地藏王至死没能将其渡化,可能在他留下的传承中,记载了渡化女魃的方法,但绝对不容易,否则也不会放任女魃留到现在。
“我知道,”金蝉耸了耸肩,咧嘴笑得灿烂,“所以才请你们帮我把这东西带去给玄昙。”
“其实我刚刚说的是真的,我也不知道为什么地藏王传承会选择我,但我有我自己的道路,所以这份传承给玄昙,他是天生的佛童子,这些年我也一直在用这白莲的气息温养他的根基,气脉早已相连,比起我,他更适合做地藏王的传人。”
姜婵不说话了,像是第一次认识他,仔仔细细的看了他一遍,直到看得金蝉开始不自在,才收起目光,退开两步:“那你去吧!我会把东西交给玄昙。”
金蝉正色,躬身一礼:“多谢!”
说罢大步朝女魃走去。
随着他向前走动,姜婵捧在手中的十六瓣白莲光芒大盛,虚影开出一朵巨大的白色莲座,莲瓣轻轻收拢,将神农鼎下的女魃包裹起来。
金蝉麻杆一样的身体走得笔直,僧袍的袖摆飘摇,白莲的光芒将他的光头笼上一层淡淡的光晕,颇有些舍生济世的悲壮意味。
肖潜听不太懂两人的对话,只知道金蝉要去送死,于是上前一把抓住金蝉的手臂,阻止他走进那朵巨大的白莲中。
手臂突然被抓住,金蝉悲壮的气息一滞,扭头与肖潜的目光两两对视。
金蝉挣了一下,没挣动。
金蝉又用力的挣了一下,还是没挣动。
金蝉轻笑,眉眼慈和:“肖施主莫要悲伤,贫僧舍生化怨,乃是大善,人生如浮萍,聚散两从容。

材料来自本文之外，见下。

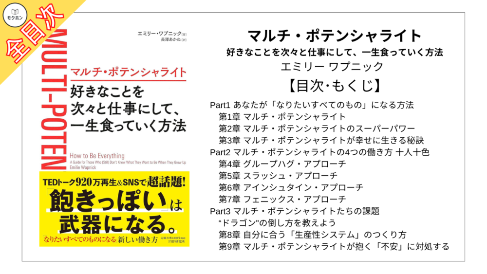 【全目次】マルチ・ポテンシャライト 好きなことを次々と仕事にして、一生食っていく方法 / エミリー ワプニック【要約・もくじ・評価感想】 #マルチポテンシャライト #エミリーワプニック

还请肖施主放开贫僧,容贫僧前去。”
肖潜面无表情,犹如在看白痴。
眼看那白莲的花瓣即将全部闭合,金蝉急了,使劲挣了几下还是没挣动,终于变脸,破口大骂:“阿弥他妈个陀佛的!你快放开老子!老子是奔机缘去的又不是去送死的!你一直拽着老子干什么!”
肖潜懵了一下,又怒:“你在说什么屁话!”
金蝉继续挣扎:“老子是佛修!进阶需要破悟,我都困在这个境界好几十年了!再困下去都不赶趟了!我寻个突破的机缘不容易,你总拦着我干什么!”
肖潜惊愕:“你不是说你才三十岁么?哪来的几十年?”
金蝉急得快跳脚了:“现在是讨论年纪的时候么?快快快放开我要来不及了!”
肖潜愕然松手,金蝉立即像脱缰的野狗一样冲向那即将闭合的白莲,一边跑一边骂:“蠢笨如猪的家伙!人话都听不懂,非逼贫僧骂脏话,真是奇了怪了姜婵瞎了眼睛看上你……”
金蝉刚一头扎进白莲,最后一片莲瓣缓缓闭合。
孽镜内安静了下来,一朵巨大的虚影白莲散着淡淡的微光。
肖潜好半天才憋出一句:“他到底干嘛去?”
姜婵好心的解释:“他刚刚说了嘛,他要去塑造他的佛心。”
肖潜:“那他到底会不会死?”
姜婵:“不知道,但他既然敢去,应该,有点把握的吧?”
肖潜:“他刚刚是不是骂我来着?”
姜婵:“………好像也骂了我。”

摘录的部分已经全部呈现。